Depuis le 19 septembre 2002, la Côte d'Ivoire demeure divisée, coupée en deux, du fait de la rébellion basée au Nord du pays. En conséquence, cette grande région, occupée par les rebelles et dite « zone sous contrôle des forces nouvelles », est pratiquement inaccessible à des millions d'Ivoiriens, même originaires du Nord. Les populations y sont, bon gré mal gré, prises en otage. Certaines activités ne peuvent pas s'y dérouler normalement. Ceux qui y avaient des biens mobiliers et immobiliers ont tout perdu ; déplacés de guerre (DG), exilés ou étrangers dans leur propre pays, ils vivent dans les campements, villages, villes et bidonvilles de l'autre moitié du pays dite « zone gouvernementale », tant bien que mal, grâce aux aides ou assistances publiques et privées, grâce à la générosité de ceux ou celles qui ont encore leurs cœurs dans leurs poitrines. Certes, tout cela est absolument agaçant, insupportable.

Et, voulant exprimer leur ras-le bol, face à cette situation qui n'a que trop duré, des patriotes, du moins des gens prétendus tels, nous forçant à considérer la réconciliation, les libertés et les droits comme de vains mots, empêchent leurs compatriotes des autres partis politiques de se réunir et de manifester en « zone gouvernementale ». Ainsi, se trouvent consacrées l'impossible cohabitation et la partition effective de la Côte d'Ivoire comme deux camps ennemis où la sagesse commande de se regarder en chiens de faïence, du moins comme deux Etats de fait où un habitant de l'Etat Alpha n'a plus de droit (même pas de réunir, même pas d'exister) dans l'Etat Bêta, ou vice versa. Franchement, c'est à se demander si l'on est dans un pays de droit ou de non droit.
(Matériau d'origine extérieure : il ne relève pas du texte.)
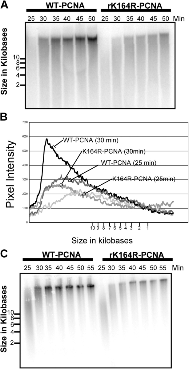 Figure 6. Loss of PCNA ubiquitylation slows replication fork progression. (A) Sperm chromatin was incubated in X. laevis egg extract containing either 0.2 μg/μL PCNA (wild type) or 0.2 μg/μL PCNA (K164R). Aliquots were removed after 25, 30, 35, 40, 45, and 50 min and prepared for alkaline agarose gel analysis as described in Materials and methods. (B) Fragment lengths were calculated by comparison to a DNA ladder and plotted against pixel intensity obtained with National Institutes of Health Image software. (C) Sperm chromatin was incubated in X. laevis egg extract containing either 0.2 μg/μL PCNA (wild type) or 0.2 μg/μL PCNA (K164R). Cold dATP was added after 25 min. Aliquots were removed after 25, 30, 35, 40, 45, and 50 min and prepared for alkaline agarose gel analysis as described in Materials and methods.

On se dit en « république démocratique », on se dit « démocrate » et on ne concède pas aux autres leur différence, alors que, comme Martin Gray a pu écrire dans son nouveau livre, « la différence seule est source de vie », alors que les différences d'opinions ne devraient jamais susciter d'hostilité, ni d'agressivité, mais enrichir les débats et nous enrichir nous-mêmes, alors que Gandhi nous recommande d'avoir, pour ceux qui ne partagent pas nos opinions, l'affection que nous nourrissons pour les êtres qui nous sont les plus proches et les plus chers ; on ne reconnaît pas aux autres la liberté de penser ce qu'ils pensent, de dire ce qu'ils disent ; on n'accepte pas d'être critiqué, alors que la critique ne procède pas forcément, ni toujours, d'une intention malveillante, alors que les critiques et les observations sur une idée, sur une décision ne procèdent pas à tous les coups d'un esprit chagrin, mais permettent, en révélant les failles, les défauts, les faiblesses, les errements, les insuffisances d'un système, d'en améliorer les rouages, les structures et l'organisation, alors que pouvoir critiquer librement témoigne de l'existence et de la réalité des droits et libertés des citoyens dans un pays, alors que s'en prendre aux défauts d'un être humain ou d'une institution garantit son existence et témoigne de l'intérêt qu'on lui porte ; on insulte au lieu de porter la contradiction ; on use de violence pour parvenir à ses fins et dans cet esprit, on préfère le raccourci de la rébellion et des armes à la voie du dialogue et des urnes, ignorant que les succès remportés par la violence et dans le sang ont toujours été de courte durée et ont toujours engendré un redoublement de violence, car : la violence appelle la violence, la violence est suicide ; on déchire les journaux, à droite comme à gauche ; on brûle les sièges et autres locaux de presse, ainsi que les structures de distribution et de vente des journaux ; on impose ou on supprime des émissions selon les humeurs, intérêts et préoccupations du moment ; on suspend des radios, sans se soucier qu'on prive les citoyens de leur droit à l'information, sans s'inquiéter de les infantiliser, c'est-à-dire de les juger, inaptes au discernement, incapables de faire la part des choses, de voir où se trouve la vérité dans les informations diffusées; on séquestre et on torture des journalistes.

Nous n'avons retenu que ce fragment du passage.